In the latest paper, the group has taken that fine tuning even further by generating a MOF with particularly wide pores within the lattice. They then load these pores with a drug known as an IDO inhibitor that promotes the activation of the immune system. The IDO inhibitor is part of a treatment called checkpoint blockade therapy, which promotes an immune response to cancer cells by blocking the immunosuppressive signals present within the tumor. The Lin group found that by combining PDT and checkpoint blockade therapy, treated mice rejected not only the tumor that was targeted directly by PDT, but also an untreated tumor on the other side of the body.
"It is well known that PDT can create an inflammatory tumor environment, and that checkpoint blockade therapy works very well in an inflamed tumor environment; the two together can be immunogenic," Lin said. "The thing is that the IDO inhibitor doesn't work well by itself, but by putting it in a MOF it can be much more effective. And PDT alone doesn't result in the rejection of distant tumors it only works for the injected tumors."
The destruction of an untreated tumor after localized treatment elsewhere in the body, known as the abscopal effect, is a rare but highly sought after phenomenon that is not entirely understood. It is thought to be related to immune activation, and the Lin group's results align neatly with this hypothesis. By including an immune stimulatory drug, they see an abscopal effect not brought on by PDT alone.
When asked about this finding, Kuangda Lu, PhD, the first author on the paper, said, "We had actually planned for that effect. We couldn't be one hundred percent sure that we would see it, but we had expected to see it based on the way we designed the treatment. Although we did expect it, it was very exciting to see it work."
Lu, whose work as a graduate student was instrumental in all three papers and wrote his dissertation on this project, plans to continue working with Lin on further improving the MOFs for PDT cancer treatment. In fact, he and others in the Lin group just submitted another paper detailing the next step for this technology overcoming one of the biggest flaws in PDT: the limited penetration of visible light into tissue. For this reason, PDT as it is now can only be used for tumors very close to the surface of the skin. By using higher energy radiation that can pass much further through tissue, such as X-rays, to target cancer deeper within the body, the Lin group hopes to eventually use MOF mediated PDT to treat a wide range of solid tumors. Lin hopes to begin clinical trials by next year.

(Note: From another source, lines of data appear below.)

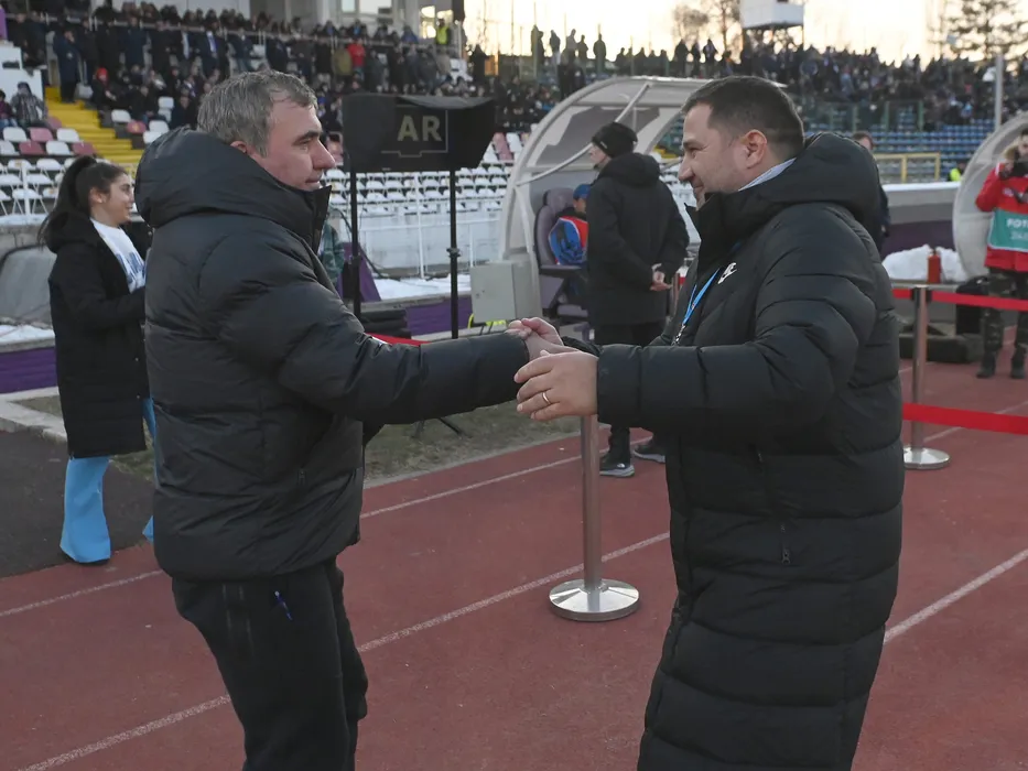 Cei doi antrenori Marius Croitoru si Gheorghe Hagi se saluta inaintea meciului de fotbal dintre FC Arges si Farul Constanta, contand pentru Superliga Superbet, desfasurat pe Stadionul Nicolae Dobrin din Pitesti, duminica 12 februarie 2023. © FOTO:Razvan Pasarica/SPORT PICTURES
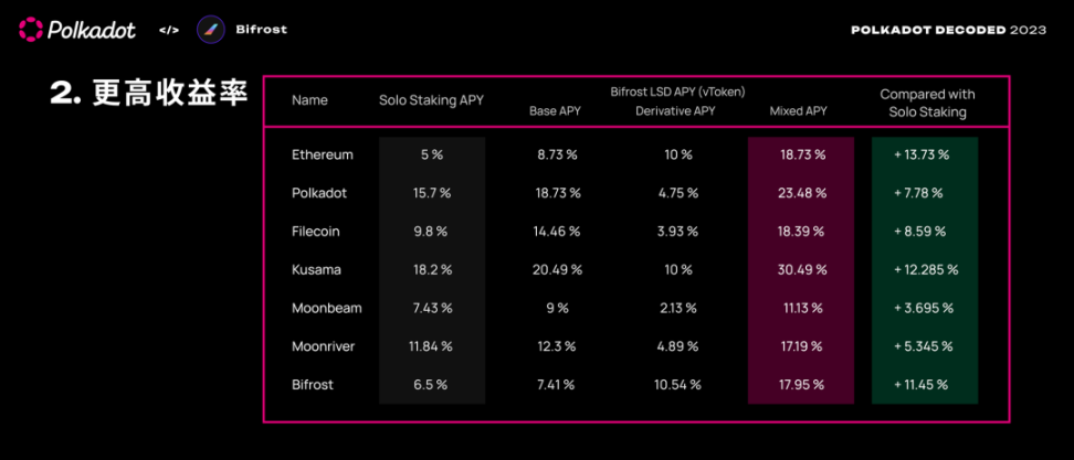 比如这里引用一张 Bifrost 在 Polkadot Decoded 演讲时的对比图。
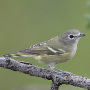 Formerly known as the Solitary Vireo, the Cassin's Vireo is now one of three separate species. Cassin's Vireos are olive above and whitish below, with a yellowish wash on their sides and flanks, white throats, and gray heads. They have two white wing-bars and distinctive white eye-rings that extend to the brow, making the birds look as if they are wearing spectacles.

The Lin group's exploration of new cancer treatments is not limited to MOFs, however. In a recent paper published in Nature Communications, the group describes a related project that employs nanoparticles instead of MOFs as a delivery system for two compounds: a photosensitizer and oxaliplatin, a traditional chemotherapy drug. By adding a checkpoint blockade therapy drug into the mix, the group saw potent anti-tumor immune responses in both treated and untreated tumors and clearance of the cancerous cells. Taken together, the results of the MOF and nanoparticle studies demonstrate the power of combination therapy for combating cancer using two innovative drug delivery technologies.
Additional authors on the paper include Chunbai He, Nining Guo, Christina Chan, Kaiyuan Ni, and Ralph Weichselbaum.